The usage collector for saved objects per type uses an terms aggregation without specifying the size which causes it to default to 10 buckets. That means we're only getting the top 10 buckets on each cluster. This is probably sufficient for Core to track which saved object types are most likely to cause scalability problems for users. But it's not enough for teams wanting to use this for telemetry so it probably also blocks us from removing the kibana collector https://github.com/elastic/kibana/issues/99464

https://github.com/elastic/kibana/blob/main/src/plugins/kibana_usage_collection/server/collectors/saved_objects_counts/get_saved_object_counts.ts#L11-L31

Instead I think we should rather just aim to collect all saved object types by using a large size such as 200

elasticmachine commented 2 years ago

Pinging @elastic/kibana-core (Team:Core)

gsoldevila commented 2 years ago

Would it possible to refer to the search.max_buckets constant instead? If tomorrow we have 201 saved object types we might just inadvertently miss one of them.

Since the number of SO types should not grow like crazy I imagine we should be fine specifying a large size:. IDK if there's a performance penalty though.

rudolf commented 2 years ago

yeah I agree that we would want some type of assurance that we're not missing data.

We could use search.max_buckets which defaults to 10k, but like you say there is a performance risk. We could either test the performance with 10k types (and/or speak to the Elasticsearch team) to mitigate the risk or defer this to the future and artificially limit it to a smaller number.

Another variation on afharo's suggestion of a CI test would be to have a development-only assertion that crashes the server if there are > 0 results in the other bucket. In production 3rd party plugins could register more types so we might see other showing up in our telemetry.

Not sure what's the best approach, but for telemetry we should be careful of something that could have a big performance impact, so I'd lean towards a lower value with some kind of way to detect that we're approaching the limit.

afharo commented 2 years ago

After some internal discussion (please @rudolf keep me honest here), our ideal report would include:

The number of SO per built-in type (for all built-in types)
The number of SOs in the others bucket -> This would show if any third-party plugins are registering their own SOs.
[Extra]: A top-level total with the total count of SOs.

The problem with the current terms aggregation is that it works in a Top-N fashion. This means that if a third-party plugin registers a new type of SO and it's very popular, it will show up in the per_type list and it will push other built-in types to the others bucket.

IMO, if we want the built-in types to always show in the detailed per_type view, and the third-party ones to always fall in the others bucket, we may need to change the aggregation.

I can think of 2 ways of doing this:

Using the filters aggregation: we control each bucket by explicitly defining all the buckets for the known built-in SO types.

(My preferred one) Keep our terms aggregation but sort the values using the _score: we need to list in the query all the built-in SO types so they score over non-built-in ones, and show up on top of the terms aggregations.

GET .kibana/_search
{
"size": 0,
"track_total_hits": true,
"query": {
"bool": {
  "must": [{ "match_all": {} }],
  // When there's a must, should is used to score higher (not as an additional filter).

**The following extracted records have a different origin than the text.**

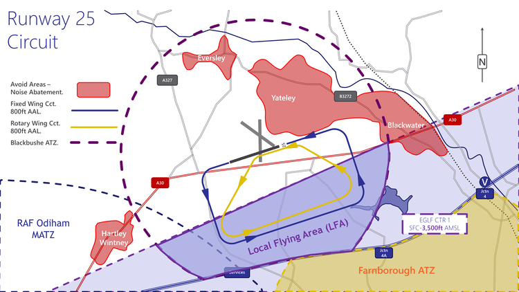 Unless in an emergency, all turns must be to the south. To leave the circuit, climb on the downwind leg into the overhead, remaining outside controlled airspace by remaining below 2,000 feet AMSL (1,675 feet AGL) unless in receipt of a clearance from Farnborough Radar.”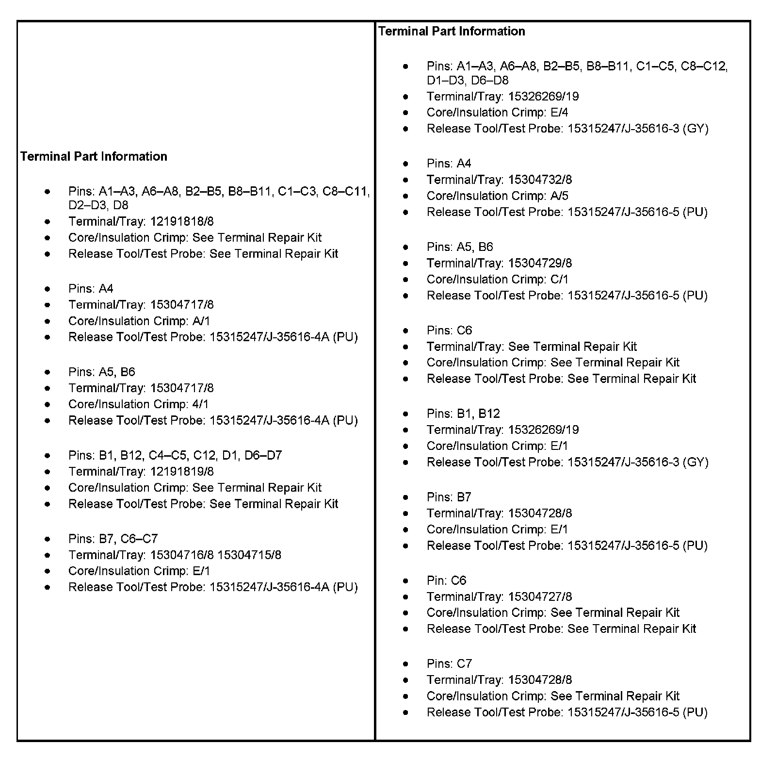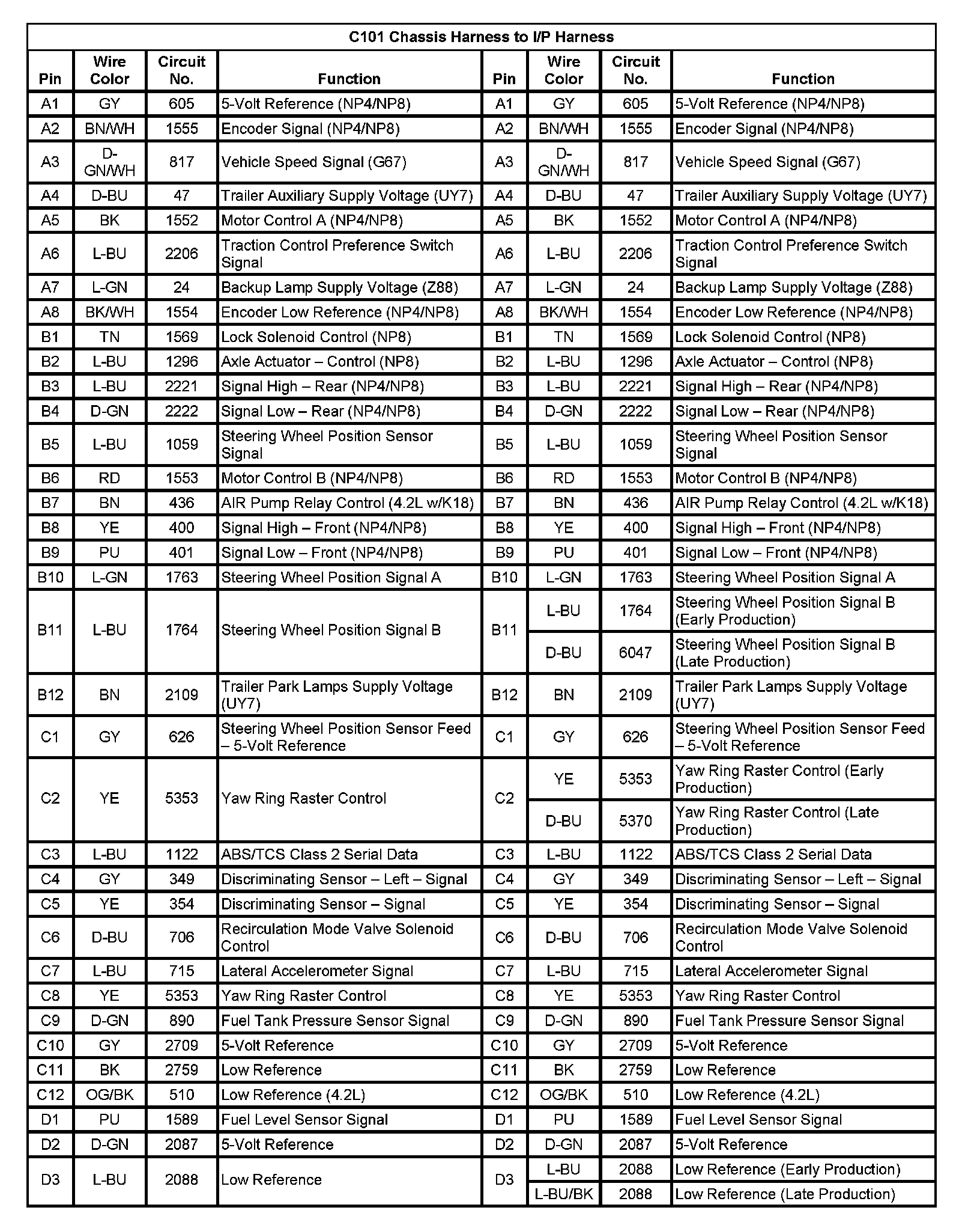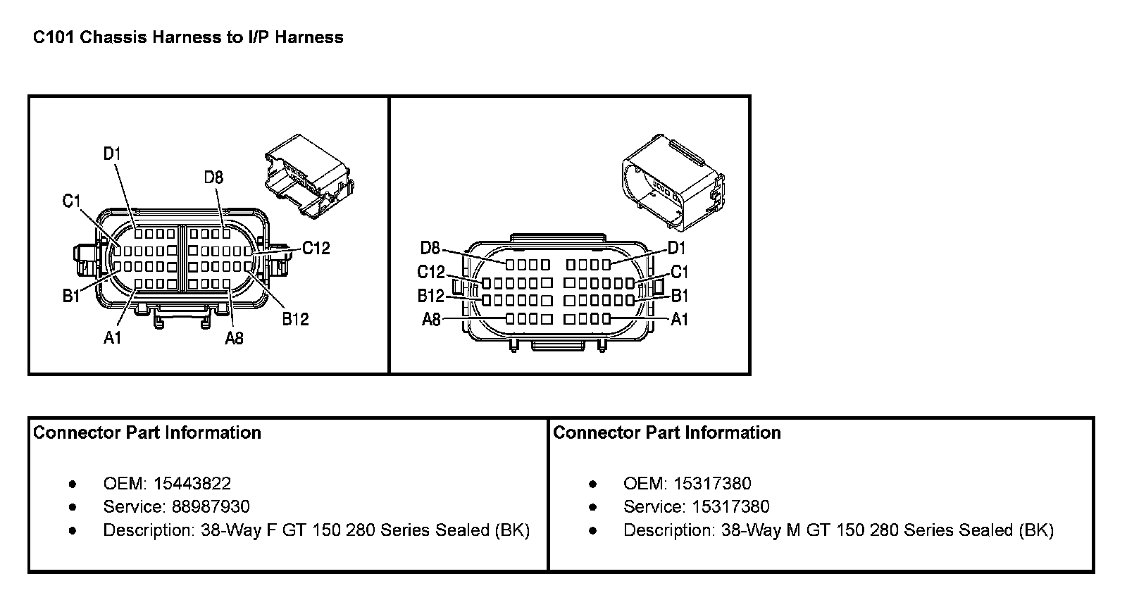 C101 Chassis Harness To I/P Harness (Pin A1 To D3):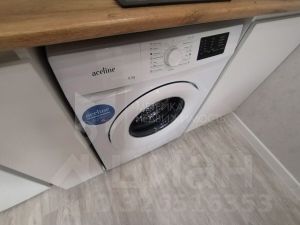 Кухонный гарнитур, варочная панель, холодильник, стиральная машина, диван, шкаф, стол, стулья.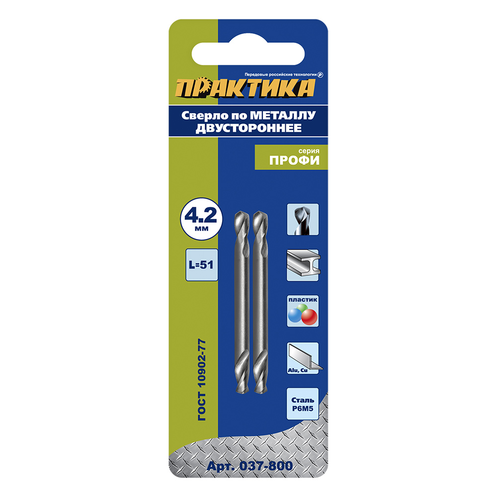 Сверло по металлу двустороннее ПРАКТИКА Р6М5 4,2 х 51 мм (2шт.) блистер (037-800) - цена, фото, технические характеристики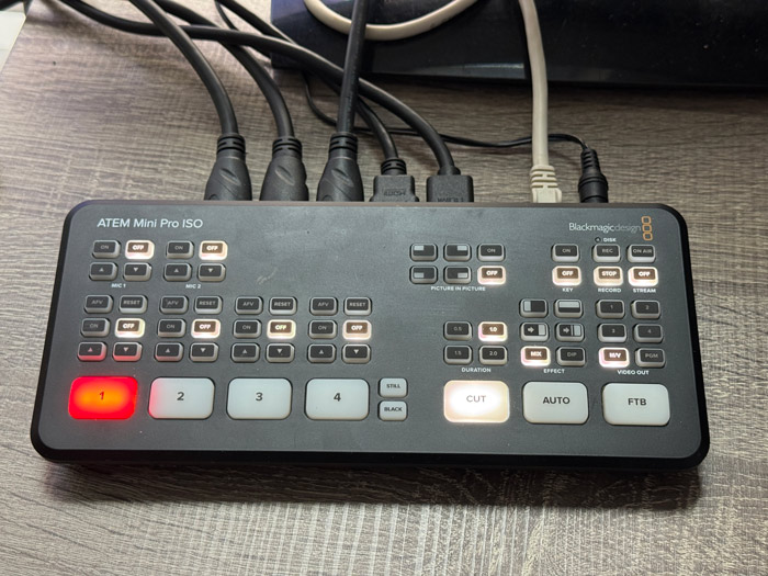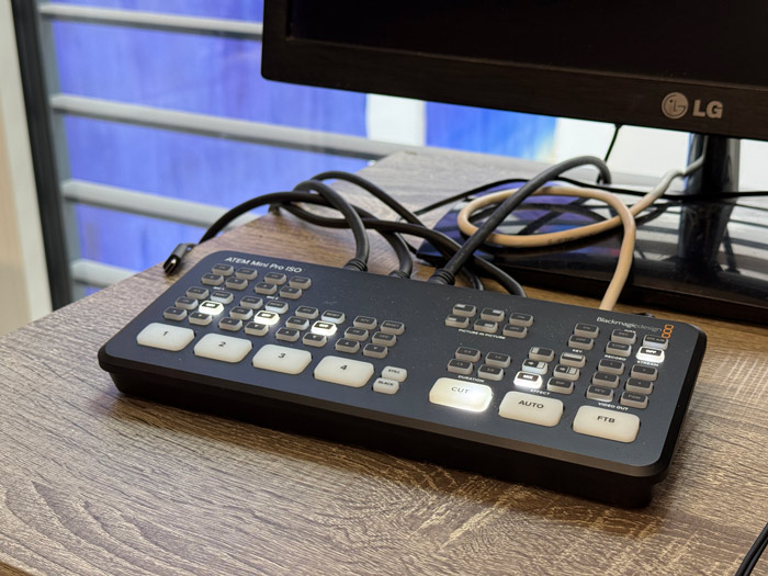 The multi‑camera setup and ATEM switcher are stream‑ready. Streaming to platforms such as YouTube, Facebook or LinkedIn can be arranged as an add‑on.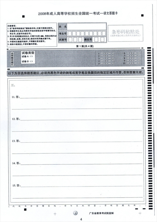 4、附08年成人高考语文答题卡样式: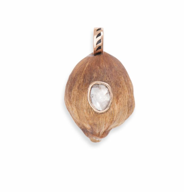 One-of-a-Kind Champagne Diamond and Solomon Islands Cowrie Shell Pendant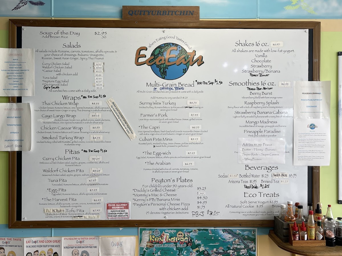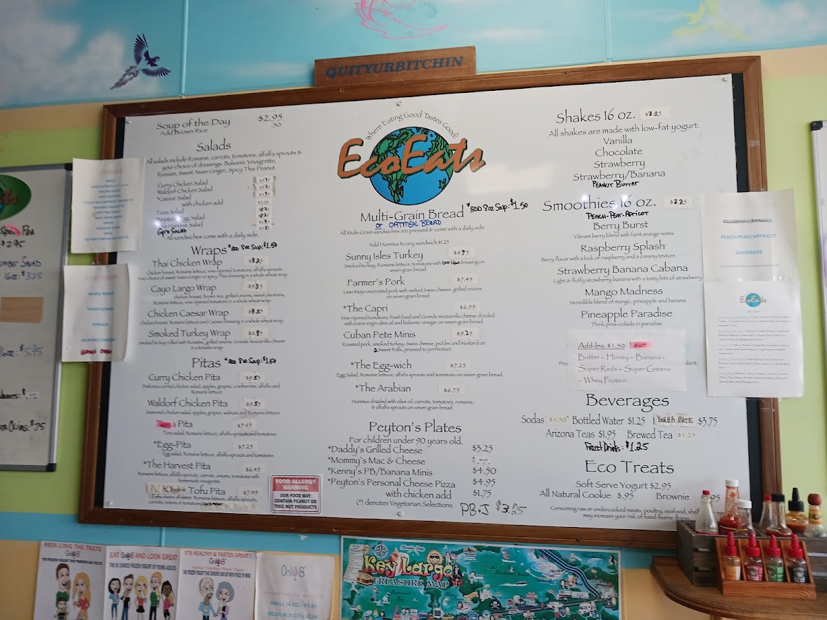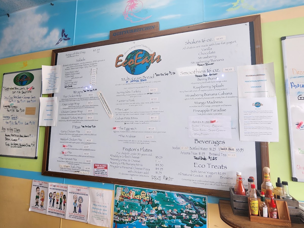 Eco Eats offers a straightforward, casual menu designed for those seeking fresh, health-conscious options without the fuss. The selection centers on satisfying sandwiches, wraps, and pitas made with wholesome ingredients that complement the laid-back atmosphere of Key Largo. Whether you're stopping by for a quick lunch or grabbing a nourishing takeout on the go, the menu fits well with easy, everyday dining moments.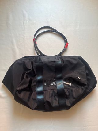 Bolsa Topologie original, ligera y práctica, perfecta para viajes cortos, gimnasio o uso diario. • Color: negro • Diseño amplio tipo duffel • Cierre con cremallera • Interior con varios compartimentos de malla con cremallera, muy funcional • Asas resistentes tipo cuerda + asas de mano • Material ligero pero resistente • Fabricada en Vietnam (ver etiqueta) Estado: En muy buen estado general. Sin roturas ni daños estructurales. Cremalleras funcionan correctamente. Cabe perfectamente sobre una maleta de cabina (ver fotos), ideal como bolsa auxiliar de viaje. Se vende tal cual se muestra en las imágenes.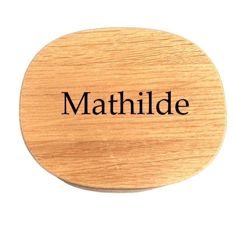 Æsken måler 8 x 10 og kan lasergraveres på låget i 2 linjer. Teksen vil blive brændt ned i træet og der kan forekomme ujævn farve i skriften, alt efter træet struktur. Her kan der ca være 30 tegn fordelt på 2 linjer og de fleste af vores skrifttyper er anvendelige.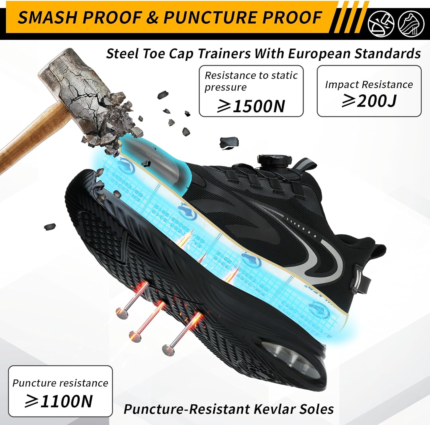 - Internal material: Breathable Inner Material: Comfortable and breathable knitted lining allows your feet to breathe freely. The European-standard steel toe cap can withstand an impact force of more than 200J, protecting your feet from falls and objects rolling while you work.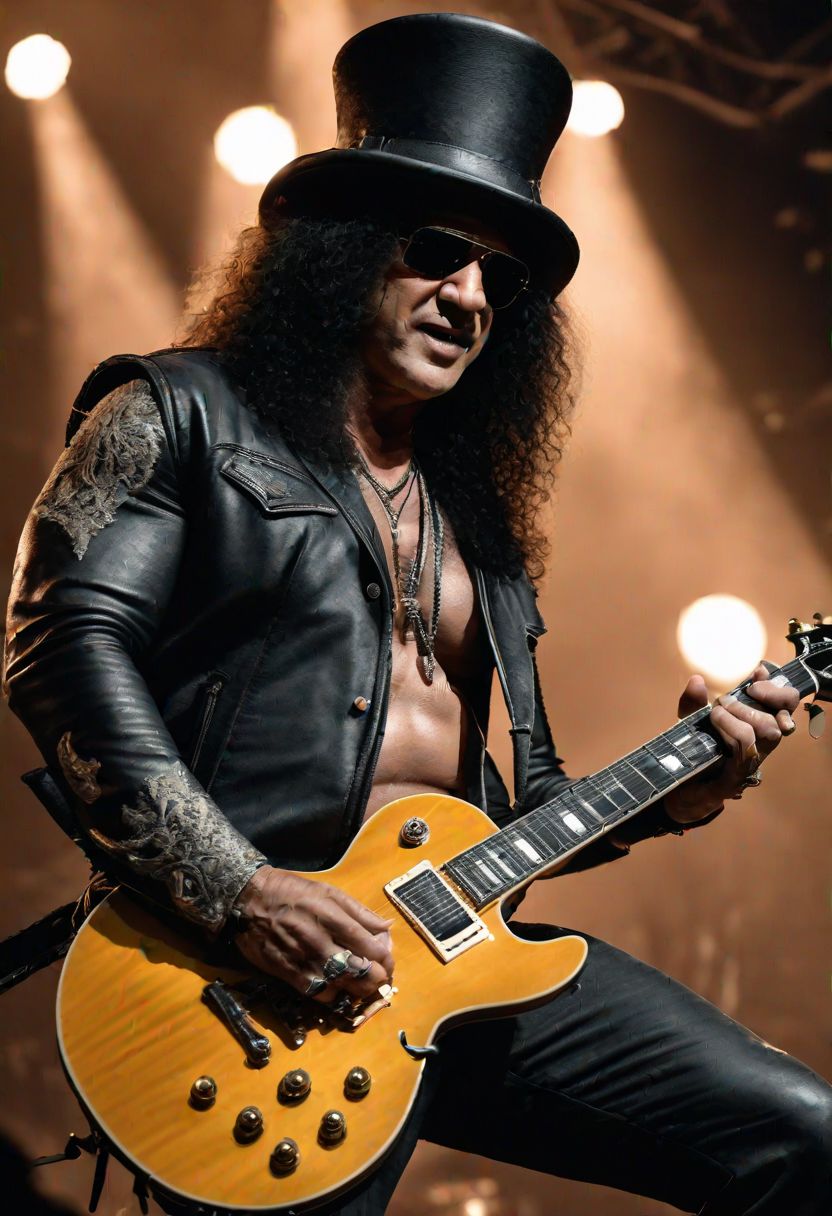 Slash playing with the guitar Portrait, High quality, realistic, HD, 8K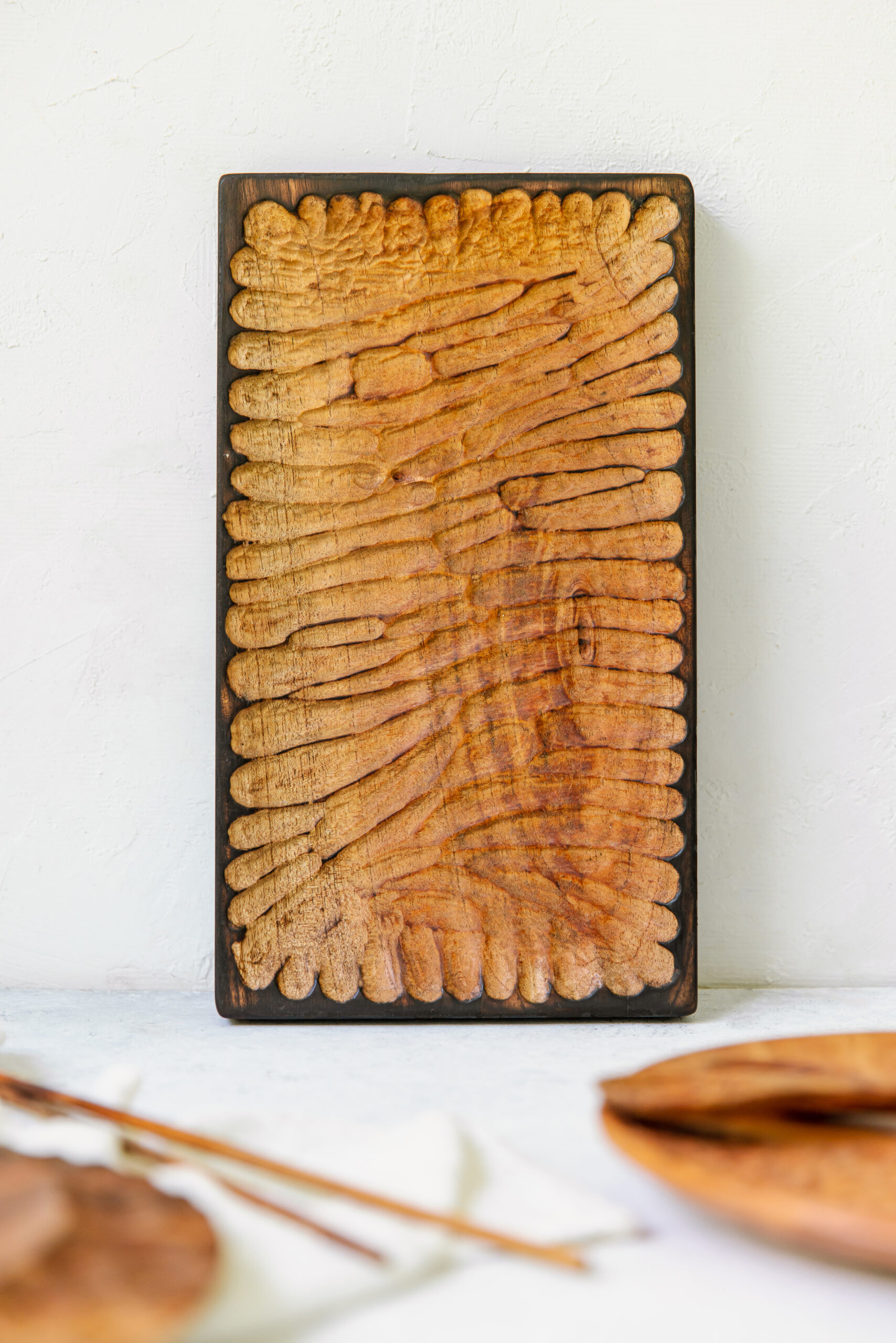 Plato tallado a mano de madera de tzalam con bordes quemados, medida 25×15 cm.

We need to list here all the built-in types
  "should": [{ "terms": { "type": [ "map", "VALUE2" ] } }]
}
},
"aggs": {
"types": {
  "terms": {
    "field": "type",
    "order": { "max_score": "desc" },
    "size": 200 // The size will match the length of the array in `should`
  },
  "aggs": {
    // We cannot reach to the _score in the terms aggregations and need this extra aggs to bring it up.
    "max_score": { "max": { "script": "_score" } }
  }
}
}
}

The problem with that approach is that we need to keep a list of all the built-in saved objects and add tests to make sure that folks keep the list updated the moment they register new types.

What do you think?

afharo commented 2 years ago

I created #135837 based on the 2nd approach (terms aggregation sorted by _score) + others bucket.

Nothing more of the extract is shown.